The owner is responsible for ensuring adequate parking for attendees and for minimizing any negative impacts to adjacent areas. The owner is responsible for obtaining authorized written approval for any private parking areas.
13.
Leasees shall be given a written copy of the regulations regarding food service, alcoholic beverages, maximum occupancy, lodging, music, noise and other conditions which the leasee is responsible for and may affect their guests.
14.
Each person having a permit under this ordinance shall carry general liability insurance covering such operation, and which shall be kept on file in the city Clerk's office of the City of Natchez. Owners must present proof at the time of the initial permit and after from time to time as may be requested by the City of Natchez.
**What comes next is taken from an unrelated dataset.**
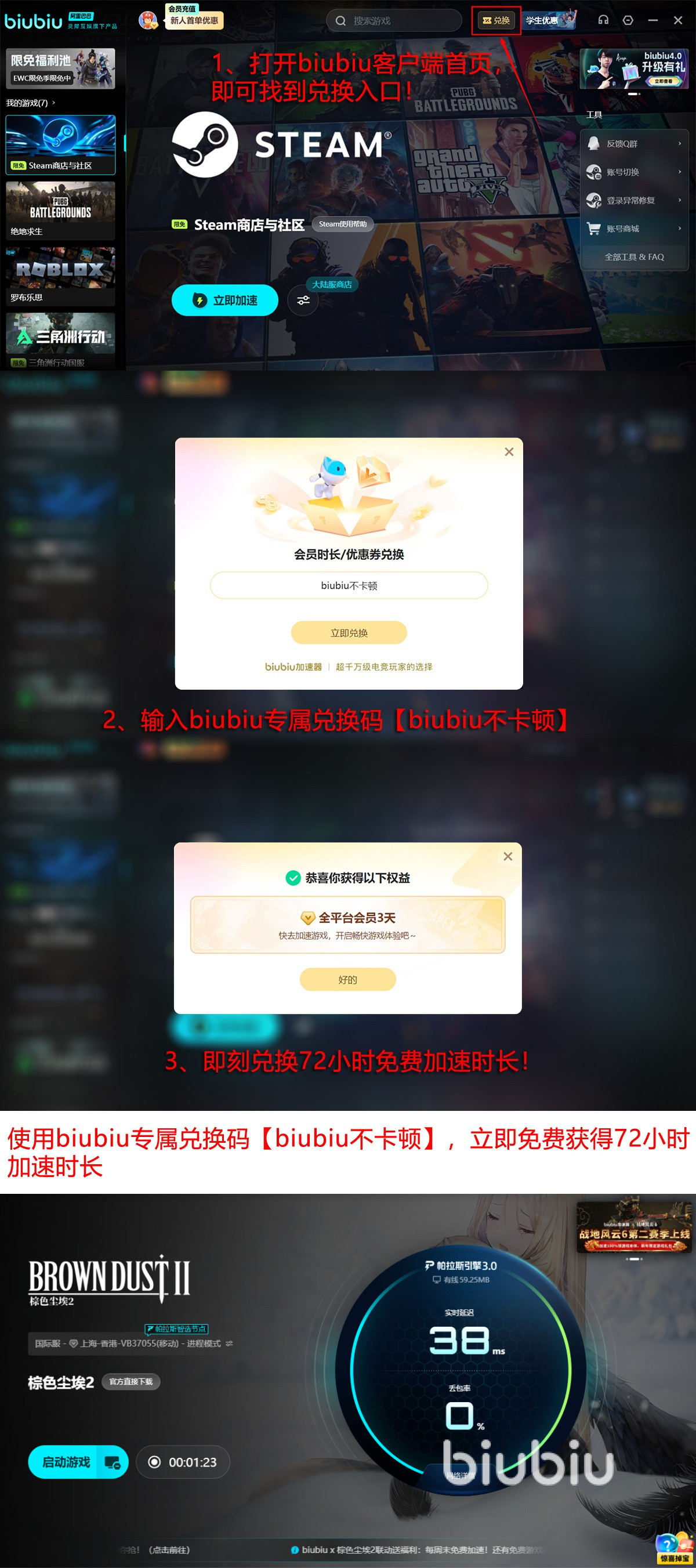 biubiu也希望能成为真正懂玩家的平台,所以还专门找到了绝地求生世界冠军XDD作为代言人,站在专业的游戏角度,方便去感受加速器带来的每一次变换,站在游戏玩家的角度去解决各种网络痛点,在每一次游戏更新后可能出现的网络波动都及时给出方案。而为了能让更多人体验到这些好处,biubiu面向新用户首次注册会赠送24小时免费加速,后面新老用户输入兑换码【biubiu不卡顿】就能再领取72小时加速,总计96小时的超长福利让你假期无忧。

When an application is filed to the Planning Department, before it goes before the Planning Commission, the application must detail a complete description of the facility including, but not limited to:
• Types of events, days and hours of operation;
• Site plan showing layout of all buildings, parking areas, landscaping, buffers, etc.;
• Maximum occupancy of facility/total number of seats;
• Total number of employees, both full-time and part-time;
• Information regarding food service/catering and whether there will be open bar service, if alcoholic beverages may be provided by the lessee for on premises consumption or if no alcoholic beverages will be allowed;
• Type of security to be provided by owner for any reception (i.e. in house staff, hired security personnel; hired off-duty police officers);
• Any and all other relevant information that will help describe the facility and proposed uses;
• Other information may be required as determined by location and proposed use. (i.e. building elevations for new buildings, site plan review, traffic study).